WORK TO BE COMPLETED >>
Every line in the data below from the one containing "Ngày 09/08/2019 (Thứ" down to the one containing "Der Regenbogen dient", both included, must be retyped exactly; no other line is to appear.

*** STORED DATA Section Begins ***

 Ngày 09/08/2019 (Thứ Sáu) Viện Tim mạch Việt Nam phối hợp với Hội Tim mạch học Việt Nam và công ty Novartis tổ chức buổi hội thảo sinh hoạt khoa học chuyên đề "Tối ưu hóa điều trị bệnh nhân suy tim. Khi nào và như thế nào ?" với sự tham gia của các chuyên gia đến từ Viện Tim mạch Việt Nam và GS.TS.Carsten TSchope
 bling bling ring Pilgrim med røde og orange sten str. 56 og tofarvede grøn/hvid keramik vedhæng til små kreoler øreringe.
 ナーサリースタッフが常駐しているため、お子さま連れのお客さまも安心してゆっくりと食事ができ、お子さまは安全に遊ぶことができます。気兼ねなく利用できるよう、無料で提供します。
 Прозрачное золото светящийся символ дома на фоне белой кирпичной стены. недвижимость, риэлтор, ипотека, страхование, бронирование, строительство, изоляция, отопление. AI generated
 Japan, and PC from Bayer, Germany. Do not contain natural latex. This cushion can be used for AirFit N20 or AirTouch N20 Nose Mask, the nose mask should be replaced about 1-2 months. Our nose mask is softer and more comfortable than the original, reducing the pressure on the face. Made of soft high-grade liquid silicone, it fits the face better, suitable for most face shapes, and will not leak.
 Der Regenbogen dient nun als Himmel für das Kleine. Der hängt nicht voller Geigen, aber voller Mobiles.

*** STORED DATA Section Ends ***
*** STORED DATA Section Begins ***

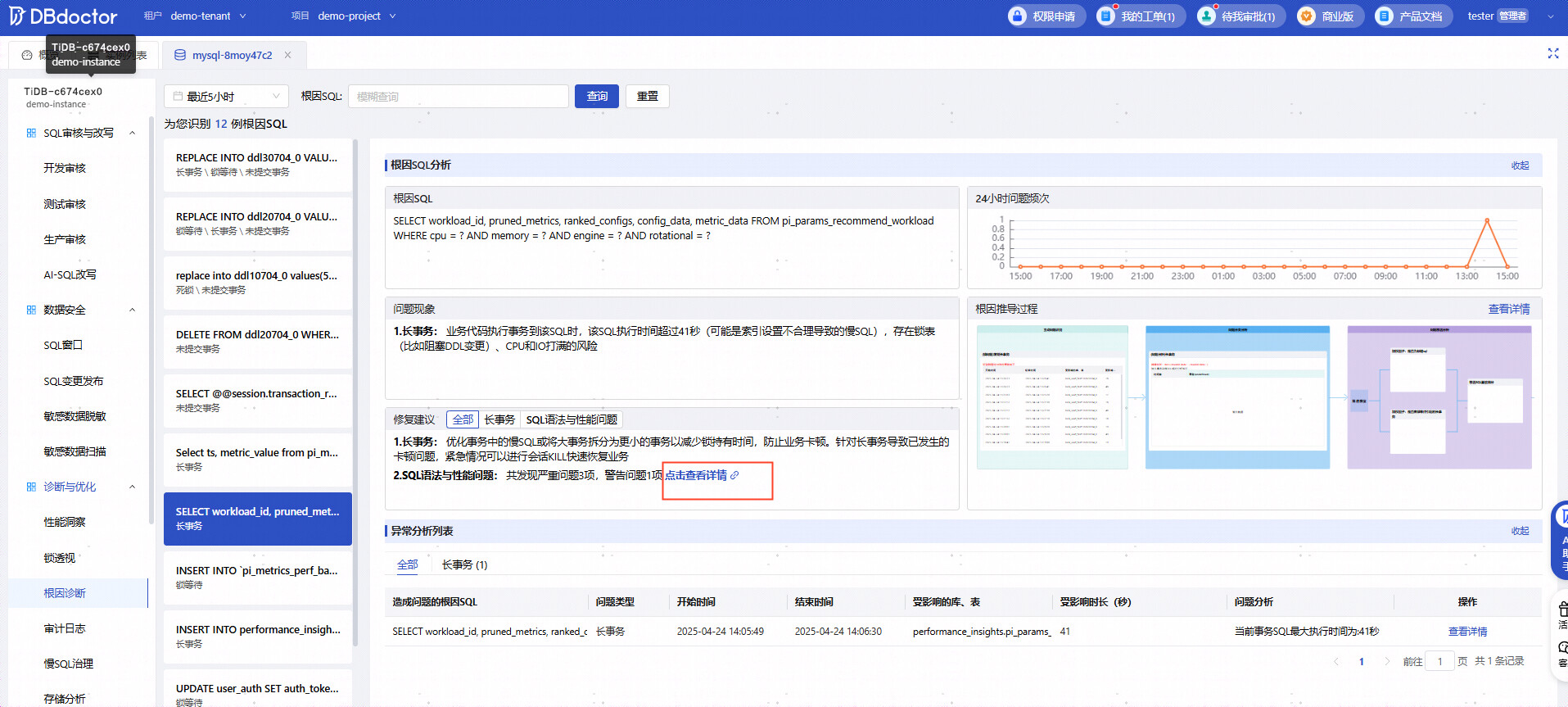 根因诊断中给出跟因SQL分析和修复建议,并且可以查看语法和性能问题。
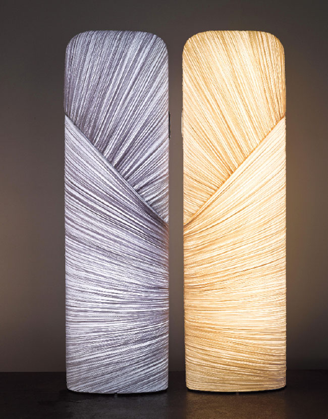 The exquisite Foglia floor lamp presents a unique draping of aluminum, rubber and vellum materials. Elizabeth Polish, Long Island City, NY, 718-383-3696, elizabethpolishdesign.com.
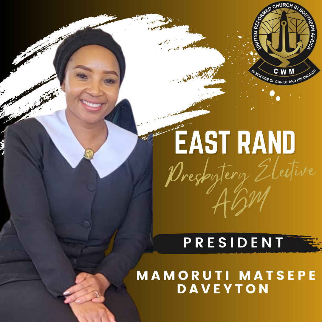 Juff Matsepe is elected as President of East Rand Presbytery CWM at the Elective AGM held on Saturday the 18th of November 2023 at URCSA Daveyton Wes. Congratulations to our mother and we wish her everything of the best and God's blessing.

*** STORED DATA Section Ends ***

ANSWER TO THE PROBLEM >>
 Ngày 09/08/2019 (Thứ Sáu) Viện Tim mạch Việt Nam phối hợp với Hội Tim mạch học Việt Nam và công ty Novartis tổ chức buổi hội thảo sinh hoạt khoa học chuyên đề "Tối ưu hóa điều trị bệnh nhân suy tim. Khi nào và như thế nào ?" với sự tham gia của các chuyên gia đến từ Viện Tim mạch Việt Nam và GS.TS.Carsten TSchope
 bling bling ring Pilgrim med røde og orange sten str. 56 og tofarvede grøn/hvid keramik vedhæng til små kreoler øreringe.
 ナーサリースタッフが常駐しているため、お子さま連れのお客さまも安心してゆっくりと食事ができ、お子さまは安全に遊ぶことができます。気兼ねなく利用できるよう、無料で提供します。
 Прозрачное золото светящийся символ дома на фоне белой кирпичной стены. недвижимость, риэлтор, ипотека, страхование, бронирование, строительство, изоляция, отопление. AI generated
 Japan, and PC from Bayer, Germany. Do not contain natural latex. This cushion can be used for AirFit N20 or AirTouch N20 Nose Mask, the nose mask should be replaced about 1-2 months. Our nose mask is softer and more comfortable than the original, reducing the pressure on the face. Made of soft high-grade liquid silicone, it fits the face better, suitable for most face shapes, and will not leak.
 Der Regenbogen dient nun als Himmel für das Kleine. Der hängt nicht voller Geigen, aber voller Mobiles.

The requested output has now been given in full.